- Traditional Chinese: 顓孫師
- Simplified Chinese: 颛孙师

Standard Mandarin
- Hanyu Pinyin: Zhuānsūn Shī
- Wade–Giles: Chuan-sun Shih

= Zhuansun Shi =

5th-century BC disciple of Confucius

Zhuansun Shi (born 503 BC), commonly known by his courtesy name Zizhang, was a prominent disciple of Confucius, who accompanied Confucius in his travels abroad, and later started his own sect of Confucianism.

==Life==
Zhuansun Shi (Zizhang) was born in 503 BC, 48 years after Confucius. According to the Shiben (Book of Lineages), his grandfather was a prince of the State of Chen, who served in the government of Lu, Confucius' native state. Although Sima Qian's Records of the Grand Historian identifies Zizhang as belonging to the State of Chen, he was likely born and raised in Lu.

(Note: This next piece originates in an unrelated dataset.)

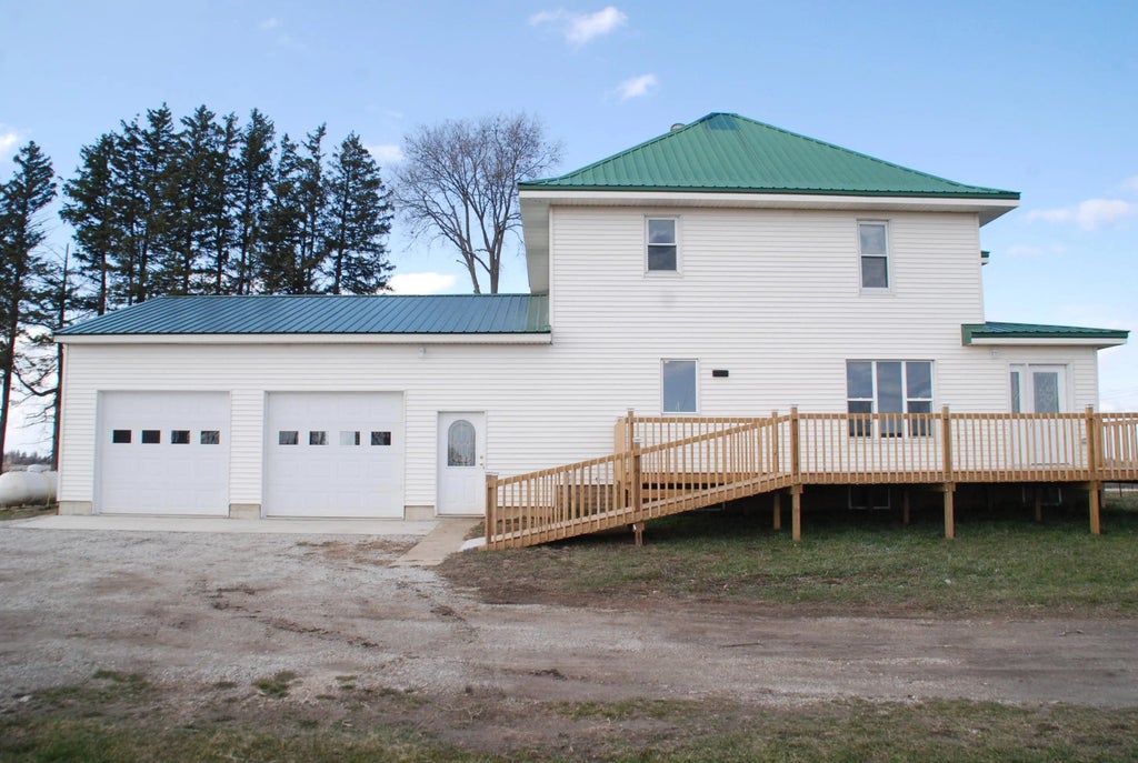 This acreage boasts almost 6 acres with a completely remodeled 2 story home. Updates include a new kitchen with quartz counters, new floors, windows, plumbing, electrical, bathrooms, furnace, AC, hot water heater, deck, and septic system. The main floor includes open kitchen, dining and living room, laundry room, bathroom, enclosed porch and office or bedroom. Upstairs there are 4 bedrooms and a bathroom. Walk-up to attic. Attached oversized 2 car garage and a large wood deck on the front of the house. There are 3 other buildings, a storage building, and two large outbuildings. The property would work great for horses or other hobby farming. Or work from home with high speed fiber.

Zizhang was well versed in ritual practices, but was said to be lacking in his pursuit of humanity. Duanmu Ci (Zigong), another prominent disciple of Confucius, said of Zizhang: "Not to boast of his admirable merit; not to signify joy on account of noble station; neither insolent nor indolent; showing no pride to the dependent: these are the characteristics of Zhuansun Shi."

Zhuansun Shi later started his own school, and his disciples formed a branch of Confucianism known as the "Zizhang Sect", which was mentioned by philosophers Xunzi and Han Feizi, centuries after Zizhang's lifetime.

The Analects contains three chapters of Zhuansun Shi's sayings. When he was gravely ill, he said to his son Shenxiang (申祥): "We speak of his end in the case of a superior man, and of his death in the case of a mean man. May I think that it is going to be the former with me today?"

==Legacy==
In Confucian temples, Zhuansun Shi's spirit tablet is placed the fifth on the west, among the Twelve Wise Ones.

During the Tang dynasty, Emperor Xuanzong posthumously awarded Zhuansun Shi the nobility title of Count of Chen (陳伯). During the Song dynasty, he was further awarded the titles of Marquis of Wanqiu (宛丘侯), Marquis of Yingchuan (穎川侯), and Duke of Chen (陳公).

Zhuansun Shi's offspring held the title of Wujing Boshi (五經博士; Wǔjīng Bóshì).